Segment Start: RECORDS FOR THIS TASK
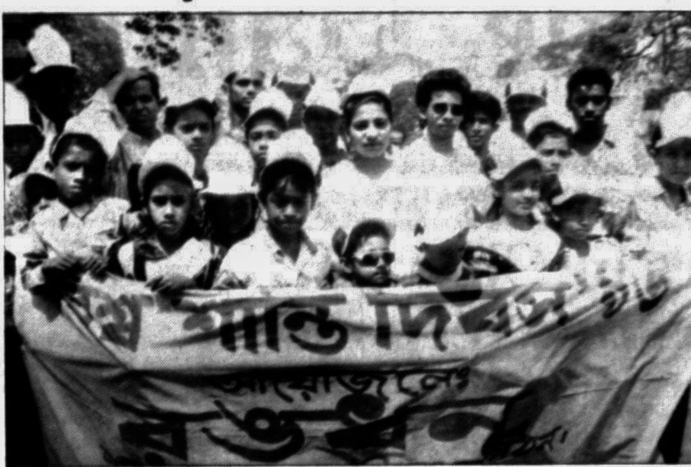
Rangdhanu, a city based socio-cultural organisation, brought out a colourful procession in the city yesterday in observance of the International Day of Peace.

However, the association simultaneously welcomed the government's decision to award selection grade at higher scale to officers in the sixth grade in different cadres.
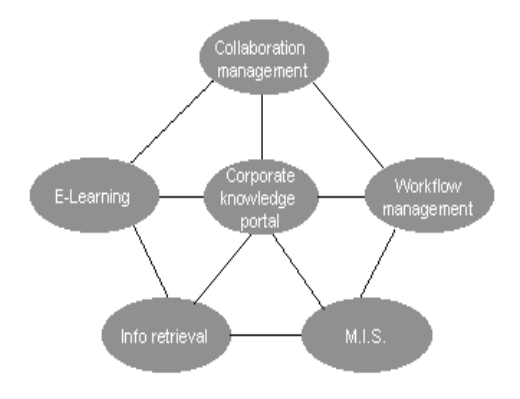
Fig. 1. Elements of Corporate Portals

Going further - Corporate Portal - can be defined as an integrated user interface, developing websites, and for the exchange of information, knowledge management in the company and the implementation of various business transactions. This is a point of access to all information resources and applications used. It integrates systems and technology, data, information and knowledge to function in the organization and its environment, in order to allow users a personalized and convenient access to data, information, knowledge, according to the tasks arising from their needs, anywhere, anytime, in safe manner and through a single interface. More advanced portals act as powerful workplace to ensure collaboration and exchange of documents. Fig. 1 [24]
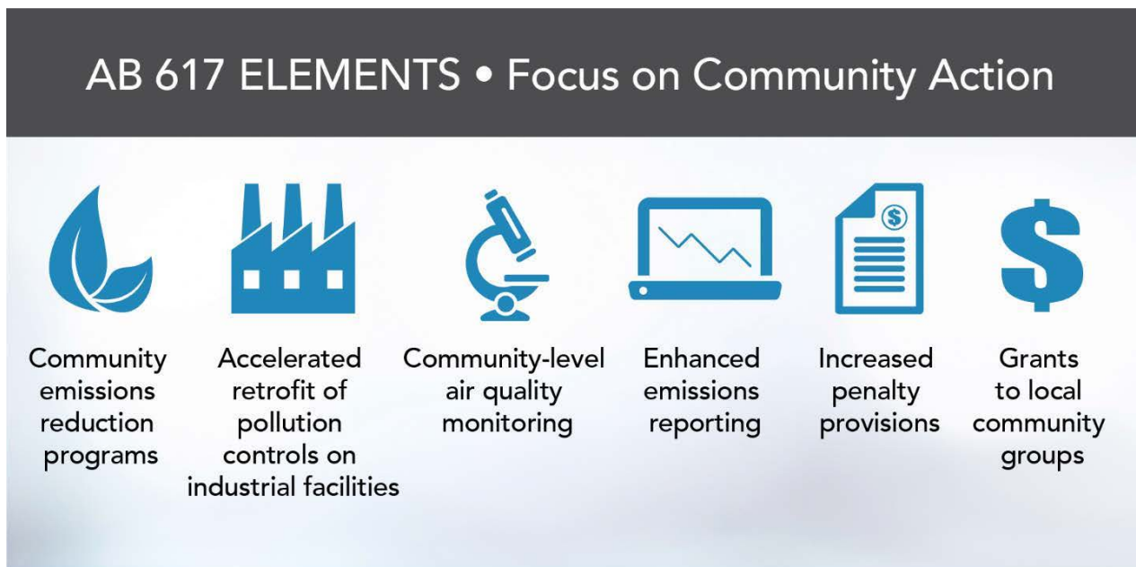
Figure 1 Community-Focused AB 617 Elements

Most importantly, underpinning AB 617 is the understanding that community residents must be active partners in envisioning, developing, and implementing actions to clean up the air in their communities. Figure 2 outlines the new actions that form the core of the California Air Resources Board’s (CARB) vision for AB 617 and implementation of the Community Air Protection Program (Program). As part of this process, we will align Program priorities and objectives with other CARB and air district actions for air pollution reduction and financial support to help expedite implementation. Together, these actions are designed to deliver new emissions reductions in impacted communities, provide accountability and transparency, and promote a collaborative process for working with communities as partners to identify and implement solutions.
Segment End: RECORDS FOR THIS TASK
PROBLEM DESCRIPTION. In the entries above, which lines run from the one with "However, the association" up to and including the one with "Figure 1 Community-Focused AB 617 Elements"? Write them out exactly, without the pictures.

PROBLEM SOLUTION.
However, the association simultaneously welcomed the government's decision to award selection grade at higher scale to officers in the sixth grade in different cadres.
Fig. 1. Elements of Corporate Portals

Going further - Corporate Portal - can be defined as an integrated user interface, developing websites, and for the exchange of information, knowledge management in the company and the implementation of various business transactions. This is a point of access to all information resources and applications used. It integrates systems and technology, data, information and knowledge to function in the organization and its environment, in order to allow users a personalized and convenient access to data, information, knowledge, according to the tasks arising from their needs, anywhere, anytime, in safe manner and through a single interface. More advanced portals act as powerful workplace to ensure collaboration and exchange of documents. Fig. 1 [24]
Figure 1 Community-Focused AB 617 Elements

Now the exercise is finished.